● **Records for the exercise**:
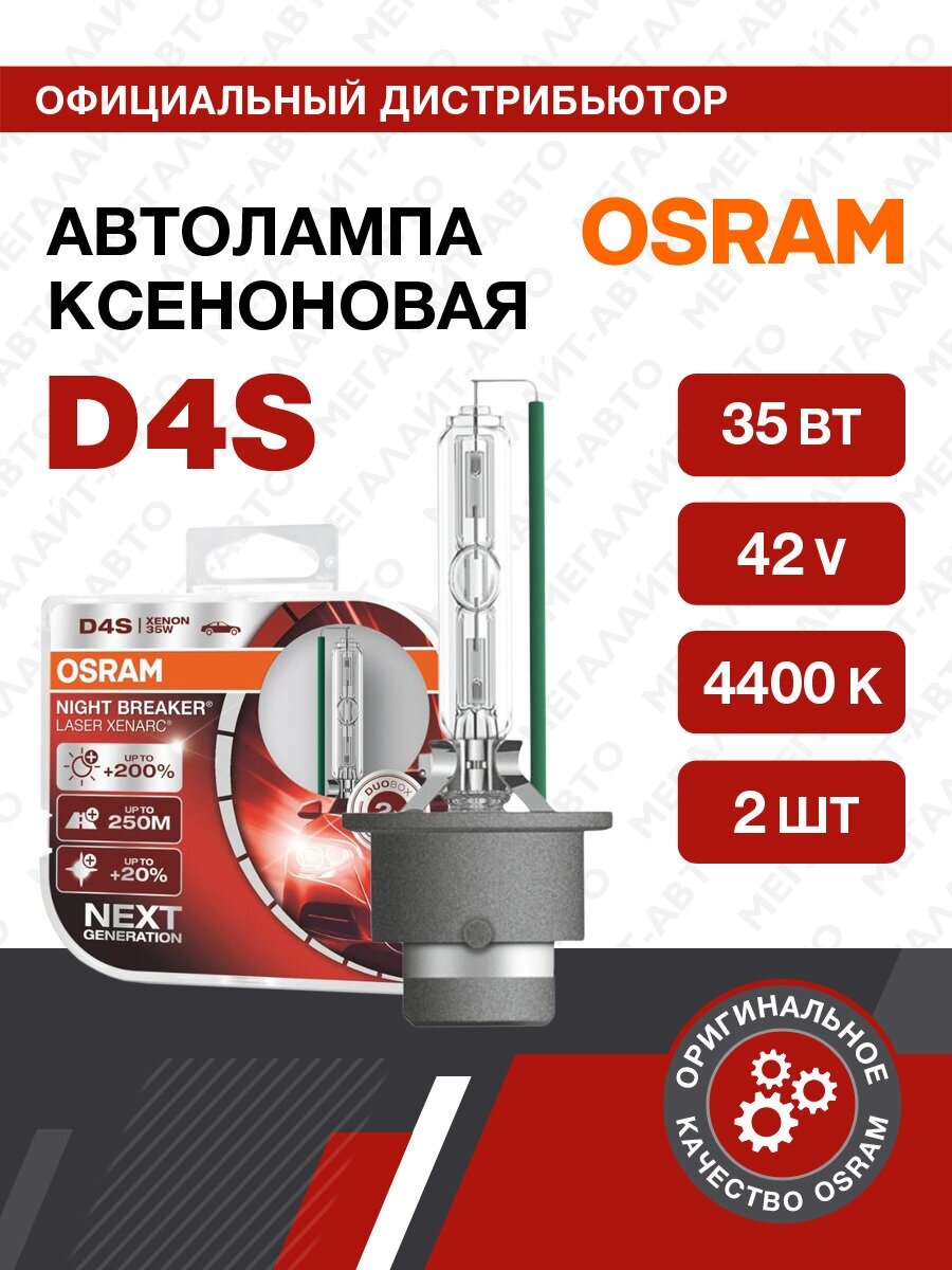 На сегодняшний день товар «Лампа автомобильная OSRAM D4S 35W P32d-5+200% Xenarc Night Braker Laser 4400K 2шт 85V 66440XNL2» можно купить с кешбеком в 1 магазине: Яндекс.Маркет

--

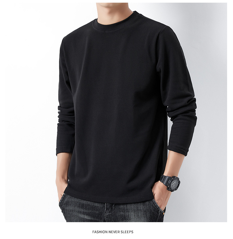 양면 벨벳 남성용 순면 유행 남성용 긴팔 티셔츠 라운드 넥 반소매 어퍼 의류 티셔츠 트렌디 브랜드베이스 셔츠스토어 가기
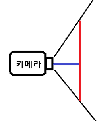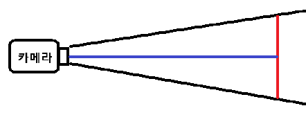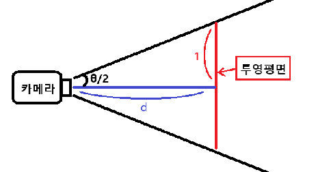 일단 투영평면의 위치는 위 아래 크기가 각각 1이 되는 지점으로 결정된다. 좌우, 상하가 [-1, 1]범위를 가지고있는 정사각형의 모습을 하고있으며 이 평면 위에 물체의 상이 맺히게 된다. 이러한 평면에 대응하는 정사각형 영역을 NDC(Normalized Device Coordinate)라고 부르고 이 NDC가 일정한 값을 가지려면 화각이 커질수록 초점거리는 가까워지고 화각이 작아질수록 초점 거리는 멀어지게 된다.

● **Task instructions**: Given the records above, return the lines starting at the one that holds "양면 벨벳 남성용 순면" and ending at the one that holds "일단 투영평면의 위치는", exactly, and nothing besides; leave every picture out.

● **Your response**:
 양면 벨벳 남성용 순면 유행 남성용 긴팔 티셔츠 라운드 넥 반소매 어퍼 의류 티셔츠 트렌디 브랜드베이스 셔츠스토어 가기
 일단 투영평면의 위치는 위 아래 크기가 각각 1이 되는 지점으로 결정된다. 좌우, 상하가 [-1, 1]범위를 가지고있는 정사각형의 모습을 하고있으며 이 평면 위에 물체의 상이 맺히게 된다. 이러한 평면에 대응하는 정사각형 영역을 NDC(Normalized Device Coordinate)라고 부르고 이 NDC가 일정한 값을 가지려면 화각이 커질수록 초점거리는 가까워지고 화각이 작아질수록 초점 거리는 멀어지게 된다.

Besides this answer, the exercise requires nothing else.